Channel 4’s contract with one studio stipulated that shows licenced from that studio could only be published if they included one third-party commercial ad within each ad break on All 4+. The contract affected ten shows: ‘Justified’, ‘Dawson’s Creek’, ‘Community’, ‘The Reckoning’, ‘Damages’, ‘The Shield’, ‘Schooled’, ‘The Goldbergs’, ‘Seinfeld’ and ‘The Tudors’. They made up 0.6% of the total shows available on All 4+ at the time the complaints were made. They said that the claim “Watch your favourites without the ads” was not shown in isolation and was accompanied by the claim “Stream 1500 shows ad-free” and both claims were always shown alongside the qualification, “*For contractual reasons some programmes will contain ads or promotional trails for other programmes. Watch live is excluded.” A voiceover made clear if ads were included, before a show started. They said that the headline claim that a consumer could access 1,500 shows ad free was accurate, as the small number that showed ads were not included in that figure. The claim, “Watch your favourites ad free” was made alongside the headline claim and qualification and it was also supported by viewing data that showed that none of the 20 most-viewed shows on All 4+ in 2020 included ads.

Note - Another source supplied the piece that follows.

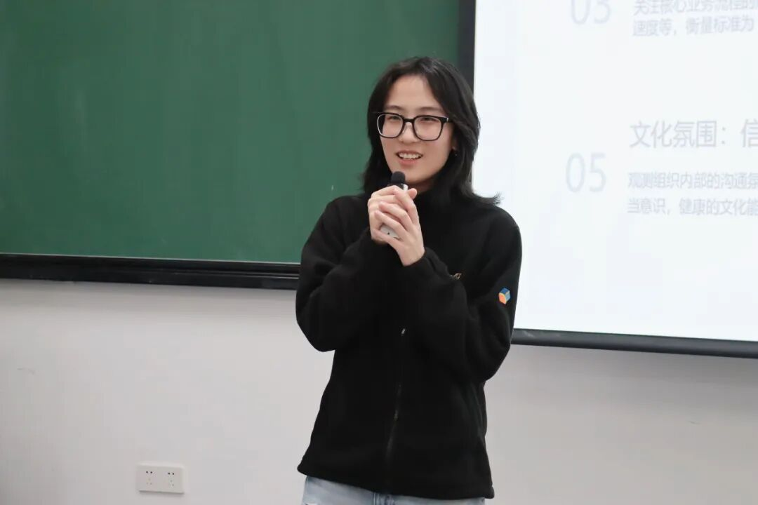 围绕组织诊断的现实意义,黄娟老师进一步介绍了组织健康度的相关内容。她从战略对齐、架构权责、流程效率、人才能力、文化氛围等维度出发,深入分析了影响组织运行成效的关键因素,并结合实际工作经验,帮助同学们理解如何从系统视角观察组织状态、识别潜在问题。她指出,组织诊断如同对企业开展一次系统性“体检”,不仅有助于发现表层现象,更能够帮助管理者透过现象把握问题根源,为后续优化与改进提供依据。
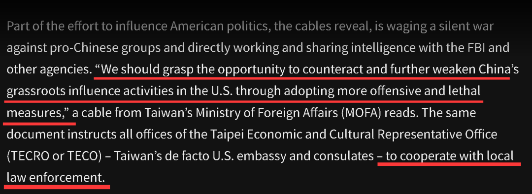 如上圖所示,在這篇題為“文件顯示台灣當局在與(美國)FBI合作迫害美籍華人,威脅美國政客”的文章中,MintPressNews的記者表示,他們拿到了來自台灣“外交部”發給“台北經濟文化代表處”的內部文件,而在這些文件中,台灣當局要求其駐美人員采取“攻擊性”乃至“致命”的手段去打擊北京在美國的影響力,並與FBI等美國的執法部門合作。

Channel 4 said that a 14-day free trial period was offered to enable consumers to explore the service and decide whether it was right for them. If a consumer found that the specific programme they wanted to view was not available ad free, they would not have to continue with their All 4+ subscription beyond the free trial. Consumers were aware of the type of advertising that appeared on Channel 4, on VOD services generally and on All 4 specifically. For those reasons, Channel 4 maintained that the ad did not mislead the average consumer materially.
The ad stated “Watch 1500 shows ad-free*” and “Watch your favourites without the ads*”. The asterisk placed after those claims linked to a nearby and prominent qualification at the bottom of the graphic in which the headline claims appeared that stated “*For contractual reasons some programmes will contain ads or promotional trails for other programmes. Watch live is excluded”. We noted that the ad did not state whether the 1,500 shows referenced represented the full catalogue or just the number that would be free of ads. We therefore considered that consumers would understand from the ad as a whole that there were approximately 1,500 shows available (and that number would fluctuate) on All 4+ in total and that, of those, a small proportion would contain commercial spot ads.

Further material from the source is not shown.